4月12日(日)阪神競馬場で行われたメーンレース【第75回桜花賞】牝馬クラシックの初戦を制したのは?今回もレース結果やコメント等まとめてみた。
馬キュレ

桜花賞はレッツゴードンキが優勝

inyofu 5番人気レッツゴードンキ(牝3、栗東・梅田)が、抜群の手応えで直線を向かえると、鞍上岩田騎手のゴーサインに反応し後続を突き放す一気の伸びをみせ、2着クルミナルに4馬身差をつける快勝で桜花賞を制した。勝ちタイムは1分36秒0(良)で、鞍上は岩田騎手。

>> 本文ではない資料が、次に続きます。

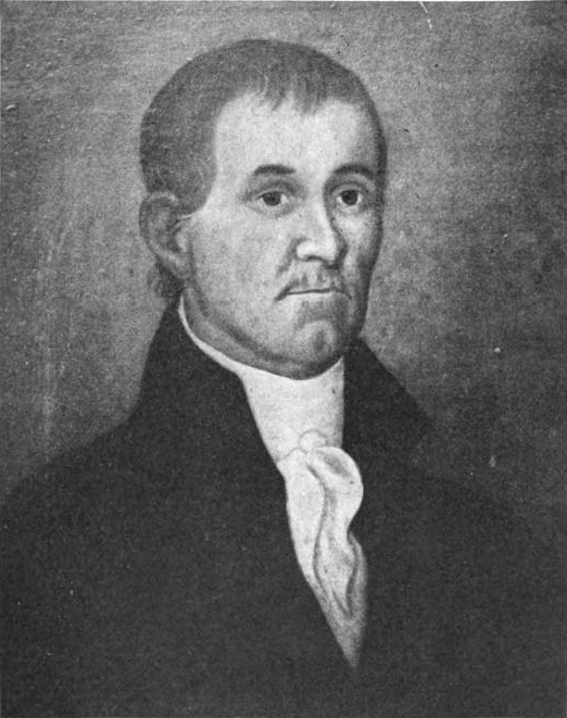 Engraving of a portrait of Continental Army soldier Ezra Lee, best known as the pilot of the Turtle, the first submarine used in combat.
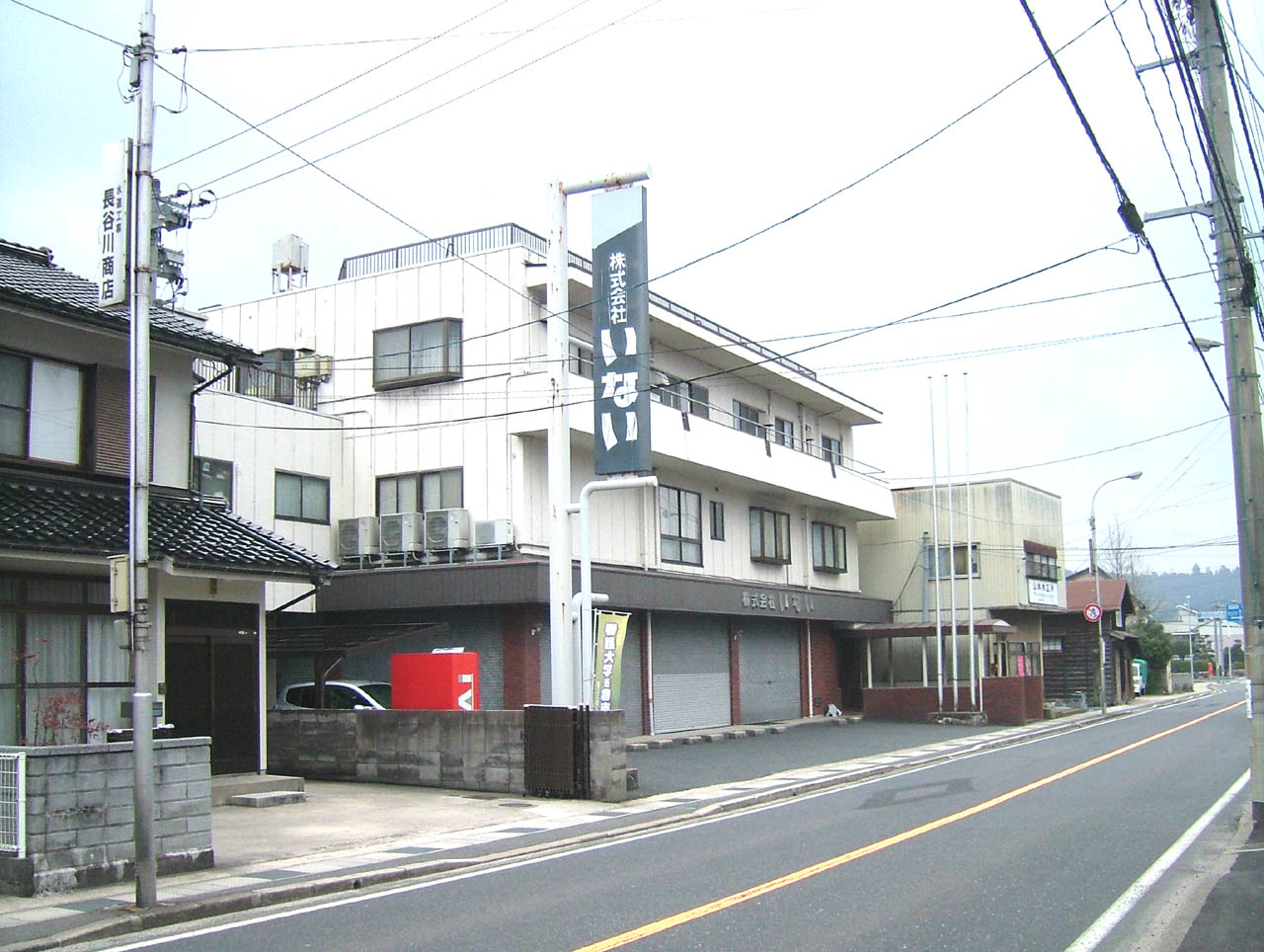 Inai head office Kurayoshi, Tottori prefecture
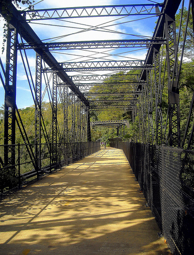 Arizona Avenue Railway Bridge, part of the Capital Crescent Trail, in The Palisades neighborhood of Washington. Built 1909 by the Baltimore and Ohio Railroad. B&O reinforced the bridge in 1927. Rails removed and concrete deck added for trail use in 1992.
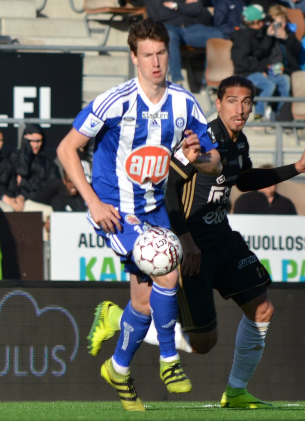 Football player Aapo Halme

4馬身差の2着は7番人気クルミナル、2着に3/4馬身差の3着は8番人気コンテッサトゥーレが入っている。尚、断然の1番人気に支持されていたルージュバックは9着に敗れている。
inyofu ▽【レッツゴードンキ】
父キングカメハメハ
母マルトク
母父マーベラスサンデー
通算6戦2勝 重賞は初勝利
スタートを決めて先頭へ。各馬がけん制する中、意表を突いた逃げで、前半3ハロン通過37秒1という桜花賞史上に残るであろうスローペースに持ち込んで内ラチ沿いを進む。直線では早めにスパート。上がり3ハロン33秒5の末脚で後続に4馬身差をつける歴史的な逃亡劇でゴールした。初重賞がGIとなり新馬戦以降、4戦連続で重賞3着以内という惜敗続きに終止符を打った。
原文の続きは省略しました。